Так вышло с датой крещения: суббота Преображения оказалась последней крестильной субботой в расписании батюшки, которому я внутренне адресовалась как духовному отцу, – и, в силу доставучей плотской мечтательности, отцу и вполне земному, представимому на малолитражной нашей кухне, в малогабаритной нашей семье, с его небольшим ростом, будто израстившимся в невидимую энергетическую вертикаль, с его тугими, основательными жестами, заземляющими цветочную легкость молитвенных поклонов, и полевой сладостью здравого смысла, от которой веяло светом и свежестью в душной моей голове. «Бог тебя услышал, ты родила? – сказал он мне в ответ на мои судорожные припоминания упущенных выше грехов. – Родила, замуж вышла? Все, нормальная баба», – и отпустил будто не грехи, а женскую мою уязвленность, которой промучилась с детства до тридцати. Тем августом отец Евгений собирался надолго уезжать и велел, если он нам нужен, явиться в ближайшую субботу и за оставшиеся дни недели позарез найти крестного, потому что на него уже навешали крестников, как замочков на мост, а столько и по именам не запомнить, а также посоветовал захватить с собой минимум шесть пеленок, – все это он говорит на бегу прочь из храма и в дверях, оборачиваясь, повторяет: «Минимум!»

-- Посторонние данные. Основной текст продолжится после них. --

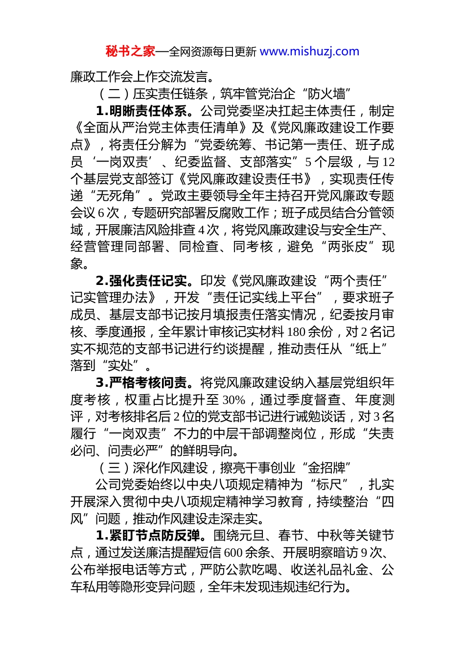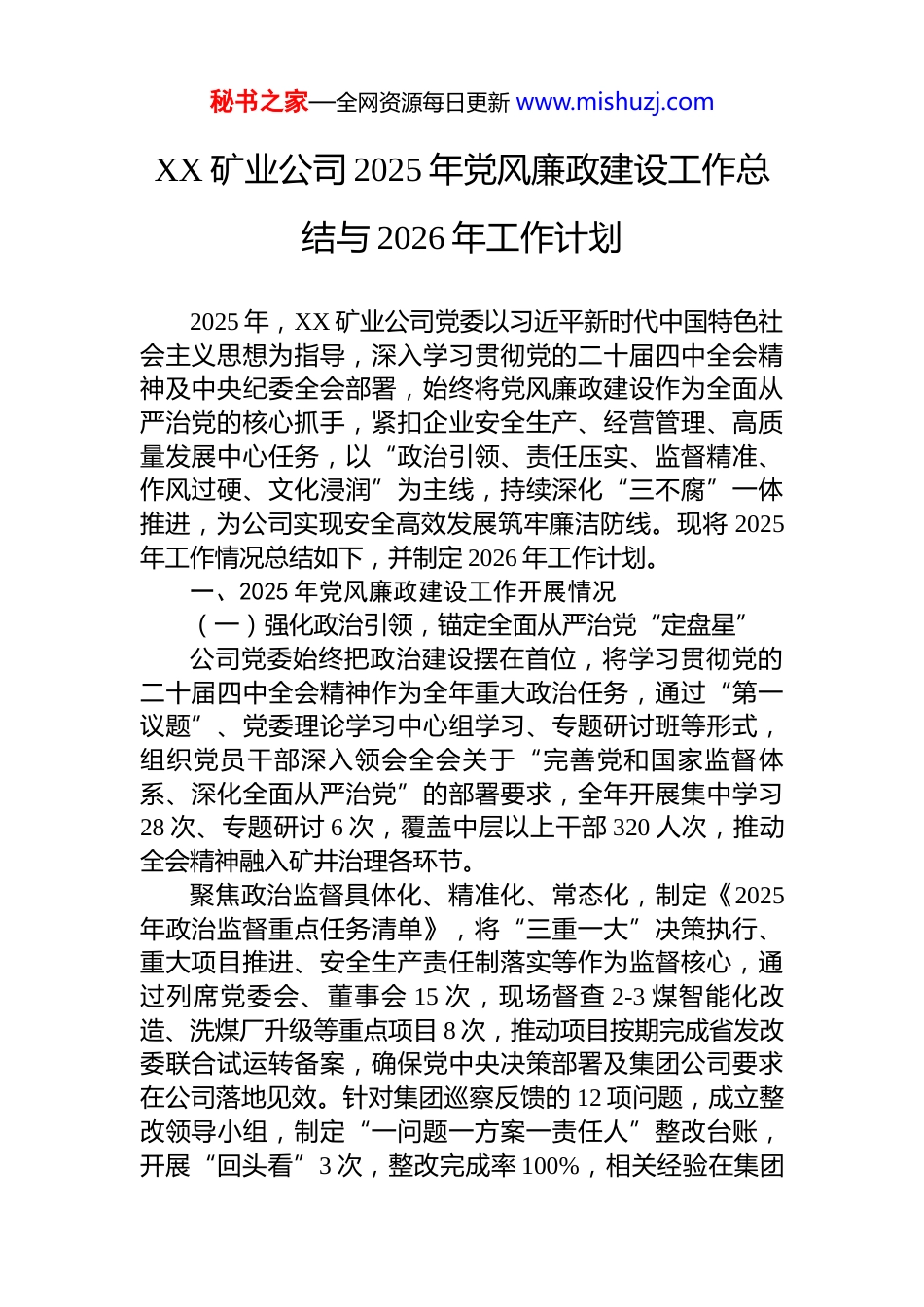 秘书之家—全网资源每日更新 www.mishuzj.comXX 矿业公司 2025 年党风廉政建设工作总结与 2026 年工作计划2025 年,XX 矿业公司党委以习近平新时代中国特色社会主义思想为指导,深入学习贯彻党的二十届四中全会精神及中央纪委全会部署,始终将党风廉政建设作为全面从严治党的核心抓手,紧扣企业安全生产、经营管理、高质量发展中心任务,以“政治引领、责任压实、监督精准、作风过硬、文化浸润”为主线,持续深化“三不腐”一体推进,为公司实现安全高效发展筑牢廉洁防线。现将 2025年工作情况总结如下,并制定 2026 年工作计划。一、2025 年党风廉政建设工作开展情况(一)强化政治引领,锚定全面从严治党“定盘星”公司党委始终把政治建设摆在首位,将学习贯彻党的二十届四中全会精神作为全年重大政治任务,通过“第一议题”、党委理论学习中心组学习、专题研讨班等形式,组织党员干部深入领会全会关于“完善党和国家监督体系、深化全面从严治党”的部署要求,全年开展集中学习28 次、专题研讨 6 次,覆盖中层以上干部 320 人次,推动全会精神融入矿井治理各环节。聚焦政治监督具体化、精准化、常态化,制定《2025年政治监督重点任务清单》,将“三重一大”决策执行、重大项目推进、安全生产责任制落实等作为监督核心,通过列席党委会、董事会 15 次,现场督查 2-3 煤智能化改造、洗煤厂升级等重点项目 8 次,推动项目按期完成省发改委联合试运转备案,确保党中央决策部署及集团公司要求在公司落地见效。针对集团巡察反馈的 12 项问题,成立整改领导小组,制定“一问题一方案一责任人”整改台账,开展“回头看”3 次,整改完成率 100%,相关经验在集团秘书之家—全网资源每日更新 www.mishuzj.com廉政工作会上作交流发言。(二)压实责任链条,筑牢管党治企“防火墙”1.明晰责任体系。公司党委坚决扛起主体责任,制定《全面从严治党主体责任清单》及《党风廉政建设工作要点》,将责任分解为“党委统筹、书记第一责任、班子成员‘一岗双责’、纪委监督、支部落实”5 个层级,与 12个基层党支部签订《党风廉政建设责任书》,实现责任传递“无死角”。党政主要领导全年主持召开党风廉政专题会议 6 次,专题研究部署反腐败工作;班子成员结合分管领域,开展廉洁风险排查 4 次,将党风廉政建设与安全生产、经营管理同部署、同检查、同考核,避免“两张皮”现象。2.强化责任记实。印发《党风廉政建设“两个责任”记实管理办法》,开发“责任记实线上平台”,要求班子成员、基层支部书记按月填报责任落实情况,纪委按月审核、季度通报,全年累计审核记实材料 180 余份,对 2 名记实不规范的支部书记进行约谈提醒,推动责任从“纸上”落到“实处”。3.严格考核问责。将党风廉政建设纳入基层党组织年度考核,权重占比提升至 30%,通过季度督查、年度测评,对考核排名后 2 位的党支部书记进行诫勉谈话,对 3 名履行“一岗双责”不力的中层干部调整岗位,形成“失责必问、问责必严”的鲜明导向。(三)深化作风建设,擦亮干事创业“金招牌”公司党委始终以中央八项规定精神为“标尺”,扎实开展深入贯彻中央八项规定精神学习教育,持续整治“四风”问题,推动作风建设走深走实。1.紧盯节点防反弹。围绕元旦、春节、中秋等关键节点,通过发送廉洁提醒短信 600 余条、开展明察暗访 9 次、公布举报电话等方式,严防公款吃喝、收送礼品礼金、公车私用等隐形变异问题,全年未发现违规违纪行为。秘书之家—全网资源每日更新 www.mishuzj.com2.整治形式主义官僚主义。以“基层减负年”为抓手,精简会议文件,全年召开会议同比减少 25 场次、发文减少 68 份;优化工作流程,取消基层报表 12 项,推动“线上办公”覆盖率达 90%,切实为工区减负。针对工作中推诿扯皮、不作为等问题,查处典型案例 3 起,对 5 名责任人进行批评教育、2 人给予组织处理,形成有力震慑。3.聚焦群众身边微腐败。开展“职工身边不正之风专项整治”,围绕薪酬分配、厂务公开、物资领用等职工关切问题,深入 17 个基层工区,与 210 名职工座谈,发放调查问...

Отец Евгений готовится уезжать, а мама готовится лечь в больницу на профилактическую операцию, которую можно считать подготовкой к лечению, которое никак не начнется, потому что вот только еще все анализы для госпитализации собрали, слава «Инвитро», а то бы до осени воз и ныне там. И эта крестильная суббота для мамы – тоже своего рода последняя, когда она еще может формально ощущать себя не вляпавшейся в лечение, не ввязавшей свой организм в вынужденные метаморфозы. Она еще нормальная, как все, и даже немного прикинутая, так что отец Евгений, когда мама вступает в крестильный ход со свечами, делает ей смягченное иронией замечание: «Вот какие бабушки у нас пошли, модные, в храм пришли в джинсах», и она отвечает, как человек, поймавший повод хоть полслова сказать об удерживаемой в сердце и не умещающейся в голове беде: «Я болею» – и в этих джинсах дохаживает последнее свое лето, и, как назло, впервые за долгие годы выглядит постройневшей и оттого элегантной, но на предложение надеть наконец, к примеру, годами откладываемый бежевый костюм с юбкой раздраженно отмахивается: теперь ей особенно не до того, чтобы нарядиться.
Отец Евгений объявляет, что крестит по древнему обычаю, с полным погружением в воду, и просит мам не переживать, будто батюшка их младенца топит. Мама с досадой шепчет мне, что вот напрасно я бегала за отцом Евгением, хуже и представить нельзя для ребенка, чем это полное погружение, и я не первый раз чувствую, как в вопросах, выходящих за пределы пожрать и поржать в тонкие, невкусимые сферы, мы с ней по-разному переживаем тяготение земным. Полное погружение – вот для чего я бегала за отцом Евгением, по себе зная, что уж он не делает скидок, и в ответ на признание о наконец закрутившемся романе: «Вы, наверное, меня не допустите к Причастию?» – скажет без колебаний: «А сама как думаешь?» – оставляя меня не перед захлопнутыми вратами церковных уложений, а наедине с собственной совестью, и, отказав, не отталкивая, а даже вдруг притягивая этой строгой и сухой, отеческой заботой, когда боишься не его, а себя в его глазах, маленьких, будто прицельно прищуренных, перед которыми не бывает страшно – только почему-то заранее стыдно, так что любишь ты его, конечно, и ждешь больше других священников в районном приходе, но всегда чувствуешь охлаждающее стыд облегчение, если исповедовать вышел другой. Полное погружение грядет в храме постарее и потеснее, с деревянными полами и хорошей слышимостью, потому что звуку просто некуда больше деться, как и моей свекрови, упавшей в обморок от духоты и вышедшей погулять да так и прогулявшей и обряд, и застолье в кафе, как персонаж, просидевший за сценой акт без своих реплик: наша крестильная суббота была не про нее, потому что у нее еще было время, а мы разыгрывали наш последний шанс. Полное погружение окунало с головой в катакомбную скученность заговорщиков против Рима Третьего с Третьим транспортным кольцом, и дальше, в инициационную купель, словно мы все проглочены деревянным китом и, кроме сбежавшей из-под власти обряда свекрови, не переживем прежними нашей прощальной крестильной субботы.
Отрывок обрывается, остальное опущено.